В пластиковой папке содержатся копии двух десятков писем, связанных с транспортировкой трупов.
Все выглядит четко и правильно. Трагично, но все же не более чем несчастный случай. Ничего такого, что могло бы содержать в себе объяснение тому, что два года спустя в Копенгагене с крыши падает маленький мальчик. Появляется мысль – уж не приснилось ли мне все? Мысль, что я ошиблась. Что все это лишь плод моего воображения.

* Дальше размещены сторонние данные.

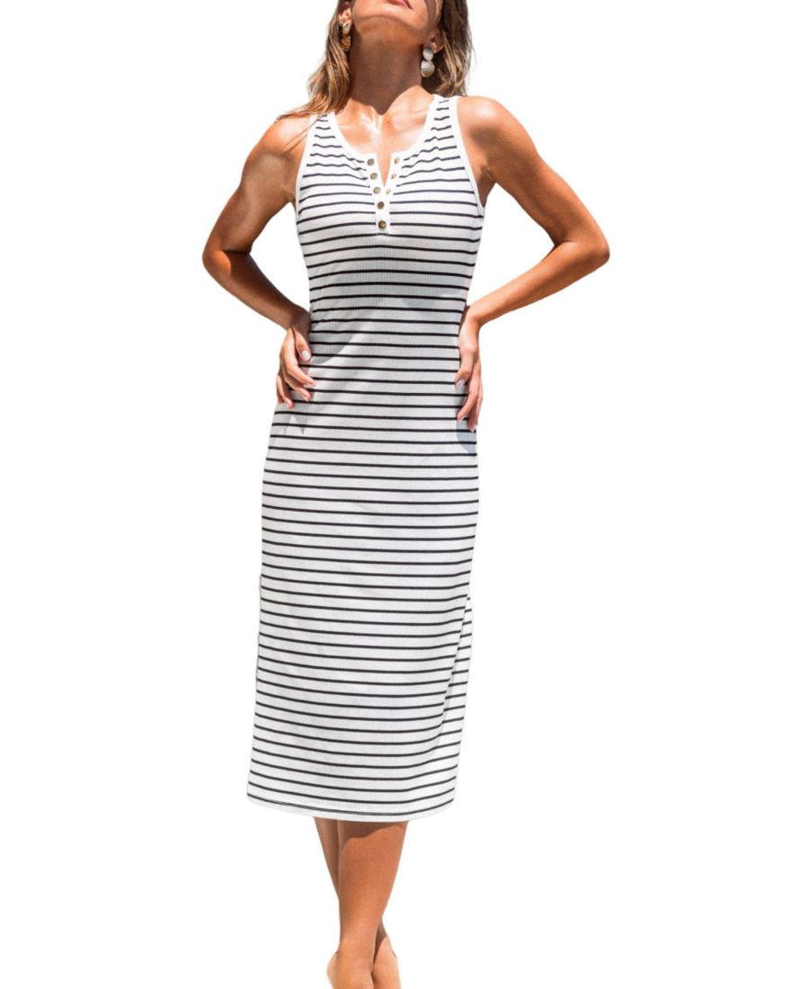Женское полосатое пляжное платье миди Midtown Move Cupshe, White

Только сейчас я чувствую, насколько тесно в этой комнате от прошлого. От вереницы дней, вереницы цифр, вереницы людей, которые каждый день, из года в год, в столовой съедали по паре бутербродов и распивали бутылочку пива на двоих с Амандой, но всегда только одну бутылочку, за исключением Рождества, когда лаборатория к рождественскому обеду выставляла четверть химической бутыли 96-градусного дезинфекционного спирта. Архив кричит мне о том, что они были довольны. То же самое было написано в той книге, которую я читала в библиотеке, и то же самое говорила мне Эльза Любинг: “Мы были довольны. Это было хорошее место работы”.

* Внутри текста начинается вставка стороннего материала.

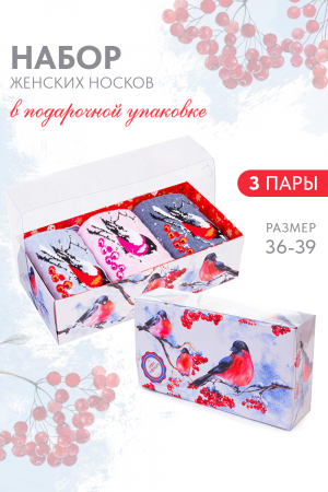 Новогодний подарочный набор женских носков. В комплекте 3 пары в красивой картонной упаковке
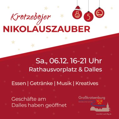 Der Krotzebojer Nikolauszauber ist eine gemeinsame Veranstaltung der Gemeinde Großkrotzenburg und des fach-werk-hhg und findet von 16:00 bis 21:00 Uhr auf dem Rathausvorplatz und dem Dalles statt.

Как уже часто бывало, я чувствую толчок в груди, прикоснувшись к чему-нибудь, приняв участие в чем-нибудь. В Туле и Сиорапалуке никогда не спрашивали, кто ты, потому что все были охотниками, все чем-то занимались. В Дании ты – наемная рабочая сила, и сознание того, что вот сейчас ты должен засучить рукава, засунуть карандаш за ухо, схватить резиновые сапоги и идти на работу, наполняет твое существование и придает ему особый смысл. А после работы смотришь телевизор, или навещаешь друзей, или играешь в бадминтон, или же идешь на компьютерные курсы. А не ведешь подвальное существование на Странбульвар глубокой ночью накануне Рождества.
Не первый и не последний раз ко мне приходят эти мысли. Что заставляет нас по собственной воле искать погружения в депрессию?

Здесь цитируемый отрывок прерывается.